★★★
They say write what you know, and Diana Feng certainly writes from the heart and lived experience in her one woman show Don’t Call Me China Doll, where she tackles belonging and identity in the acting industry as an East Asian actress in the West.
It is no new conception that female actors are often so far penned into their typecast they hit a point of no return professionally. This is true of women of all backgrounds, but even more true when you add the intersectional struggle of women of colour.
Anna May Wong was the first Asian-American actress to rise to fame in the mid 20th century, a public figure Feng uses as a stimulus for her piece. As she prepares to play Wong in a new biopic in the present day, she directly compares herself to her as an actress in today’s climate, finding herself still confounded and limited by racial stereotypes that have come to shape her career.
Feng is presented as a flawed character, as she openly discusses being stuck between wanting to honour her heritage in her work whilst not perpetuating harmful stereotypes further. There is a lovely intimacy and humanity to the piece as Feng passes through a plethora of human emotion, highlighting the complexity of the representation.
There is a great deal of underlying humour as she conversationally delivers stories about her tiresome experiences at auditions, where, as an East Asian actress she is limited to playing familiar archetypes we have all seen on TV such as the assassin, the exotic sex-worker or the dragon lady- which she does with a tickling accuracy. She does well to involve the audience as she enlists the help of two members, asking them to come up onto the stage read from a script where she is auditioning to play yet another binary, soulless stereotype.
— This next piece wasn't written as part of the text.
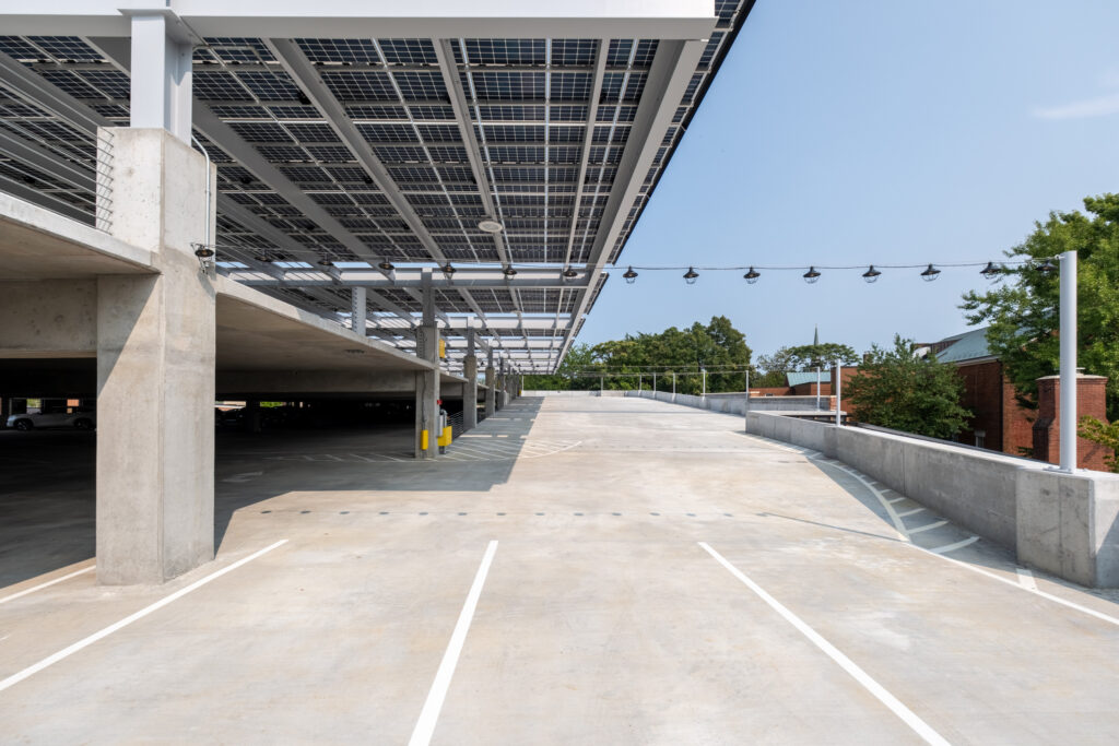 Walker Consultants served as prime designer and structural engineer of record. The challenge was creating a cost-effective structure to meet historic district height restrictions and guidelines while having an architectural treatment that would integrate with the Annapolis style. Zoning allowed a tight envelope, which left a volumetric box with cleaner lines than the previous garage, giving some flexibility in creating an architectural façade. The goal was to create a façade to invite pedestrian interaction and allow the ground floor to function as a farmer’s market for the city. The concept also helped to satisfy the openness requirements of the building code for ventilation and fire protection.

Although told with a bitter-sweet humour, the underlying core of the piece is that the acting industry is still as inherently racist as in the 20th century.
The set is a little too simple, made up of thrown together washing machines drawn onto boxes and although she successfully transforms herself into the other characters she slips in and out of, the story and exactly where she is, is a little hard to follow and a slightly slicker structure and a more polished set would certainly help to contextualise and help us focus on the important themes being discussed.
Despite this, Diana Feng is an experienced, intelligent and engaging performer who commands the space and her audience well. Overall, she has created a show that is packed with integrity, education and has opened up a vital conversation about representation. Don’t Call Me China Doll deserves a larger audience.
Don’t Call Me China Doll is playing at Underbelly, Bristo Square until 26 August as a part of the Edinburgh Fringe Festival 2024.